The argument that parents depend on inspection judgements to make decisions about choices of school is notably weak. For decades research has shown that parents’ decision-making processes about schools are multi-factorial; often, believing their children will be safe, happy and close to home are top of parents’ lists of priorities, along with having good support for any special educational needs. And advocates of the role of inspection judgements in informing parents’ choices also ignore the fact that most parents have limited capacity to choose; if their local schools aren’t ‘good’ or ‘outstanding’, most parents don’t have the cash to up-sticks and move closer to another, ‘better’ school (usually in a more affluent and therefore expensive area). What’s needed is a good local school for every child, supported to get better by a school improvement service (along the lines of London Challenge, in Labour’s proposals) and given regular checks by local authorities and, occasionally, by national HMI.

Born in 1992 to John Major’s government, Ofsted is a curious beast. The office of the Chief Inspector has too often been a bully pulpit for the incumbent, most notably for Chris Woodhead. Woodhead was disposed to making things up to fit his personal preconceptions (the figure of 15,000 ‘incompetent’ teachers plucked from the air) or over-turning the inspection results of senior HMI if they didn’t meet with his personal approval (the case of Islington Green School). The current Chief Inspector’s appointment was not confirmed by the Education Select Committee in 2016 with the Conservative MP in the chair saying they were ‘unconvinced’ she was the right person. In the kind of behaviour we’ve become much more used to recently, Nicky Morgan as Education Secretary appointed her anyway.

My own knowledge of Ofsted suggests it can now be a relatively dysfunctional place with HMI complaining to their union (the First Division Association) that they were not consulted about the new inspection framework before key figures in MATs were; that there are significant differences in personal-professional style among senior HMI that are consequential; that some in Ofsted now openly talk about its need to ‘align with government thinking’ rather than maintaining an independent stance; and that former advisors of Nick Gibb have exerted considerable influence on Ofsted’s current direction in ways that continue to trouble some. Ofsted is a relic of a recent historical moment and represents the concerns of that moment. It’s a relic that political parties haven’t had the confidence until now to question so it’s refreshing that Labour has adopted this decisive position.
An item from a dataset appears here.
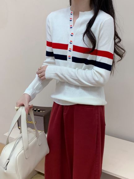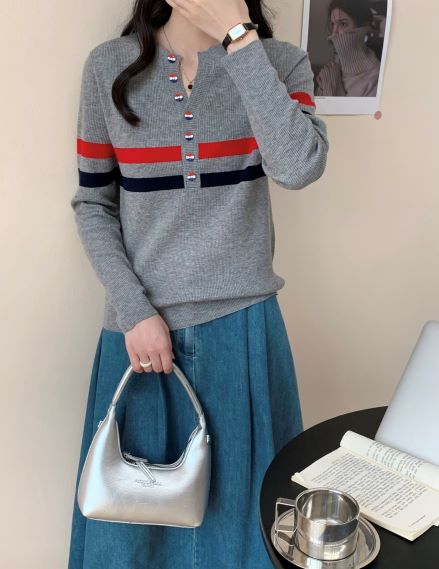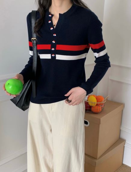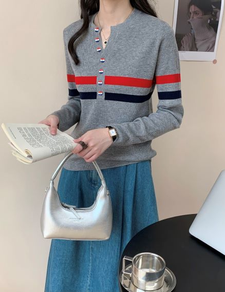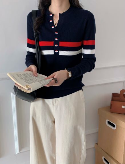 Crafted with premium, ultra-soft ribbed knit fabric, this women’s striped V-neck sweater delivers the perfect balance of warmth, breathability, and timeless style, making it an essential addition to your cold-weather wardrobe. Designed with a flattering V-neckline accented by a decorative button placket, it adds a subtle preppy touch while elongating your silhouette, while the bold red, white, and navy color-block stripes create a striking, eye-catching look that never goes out of style. The stretchy ribbed construction ensures a comfortable, figure-flattering fit that moves with you, while the long sleeves provide cozy coverage for crisp fall days and chilly winter mornings. Available in three versatile colorways—classic white, heather gray, and deep navy—this sweater effortlessly transitions from casual outings to polished office looks. Pair it with high-waisted jeans and ankle boots for a weekend brunch, style it with a midi skirt and loafers for work, or layer it under a blazer for a sophisticated ensemble. Meticulously stitched with durable, high-quality materials, this sweater is built to last through countless wears and washes, retaining its shape and softness season after season. Lightweight yet warm, it’s perfect for year-round layering, offering endless styling possibilities for every occasion. Whether you’re running errands, meeting friends, or heading to the office, this striped knit pullover combines comfort, style, and versatility to become your go-to wardrobe staple.
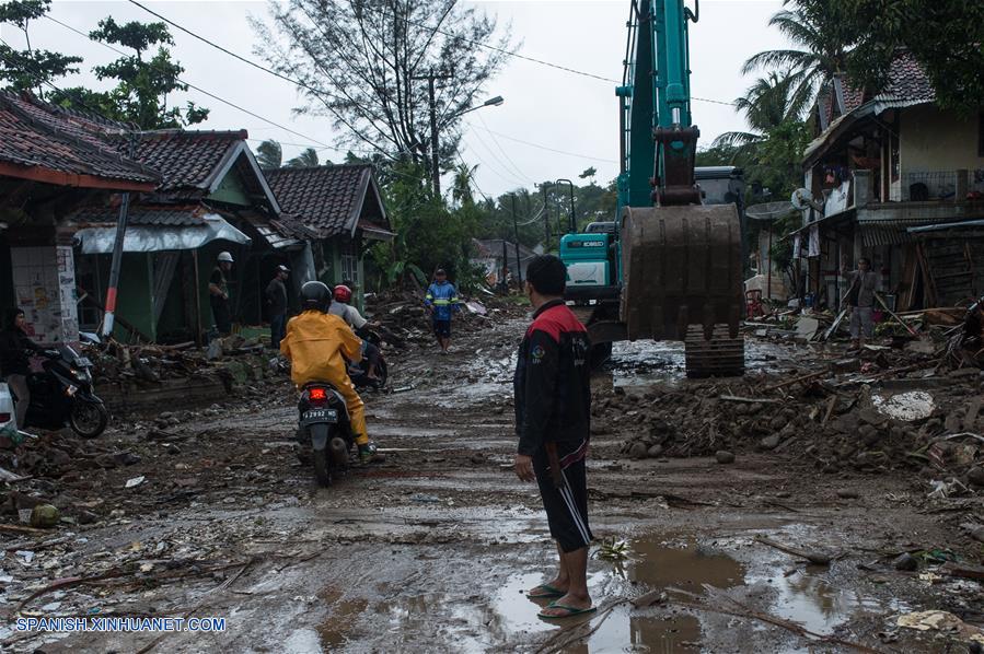 BANTEN, diciembre 23, 2018 (Xinhua) -- Una retroexcavadora limpia un camino de escombros luego de que un tsunami alcanzara el Estrecho de la Sonda, en Pandeglang, provincia de Bantén, Indonesia, el 23 de diciembre de 2018. Las muertes por un tsunami ocasionado por una erupción volcánica en Indonesia llegaron a 222 con al menos 843 heridos, informó el domingo la agencia para el manejo de desastres. La erupción del volcán Anak Krakatau, o Child of Krakatoa en inglés, provocó el sábado deslizamientos submarinos de tierra ocasionando el aumento del nivel del mar el sábado en la noche, de acuerdo con la agencia de meteorología y geofísica. El tsunami destruyó 556 casas, nueve hoteles y 360 barcos en el distrito de Pandeglang, el área más afectada, así como la provincia de Serang of Bantén y el distrito de Lampung Selatan en la provincia de Lampung, dijo el vocero de la agencia nacional para el manejo de desastres, Sutopo Purwo Nugroho. (Xinhua/Veri Sanovri)

Abolishing Ofsted is not abolishing inspection. Claiming that doing so is abolishing a critical part of the education system without which it will fall over is nonsense. The education system now is entirely different to the system that existed 27 years ago and most other countries (including many we seem to aspire to be educationally) don’t have anything like Ofsted. Claiming that Labour has been taken over by ‘hardline’ extremists or is too indebted to the teacher unions on this issue is also ridiculous. Changing the ways we quality assure schools is long overdue and must, as these Labour proposals also suggest, be situated within much stronger local improvement services. I would say that the Labour proposals are ‘HMI + local checks and support’. It raises the prospect of a bold new beginning for the system not the end.

In the meantime, I am looking forward to seeing how the current crop of favoured edu-preneurs will pivot to accommodate this policy if Labour do indeed form the next government. They will certainly want a slice of any national version of London Challenge. That’s going to have to be a highly creative dance well worth watching.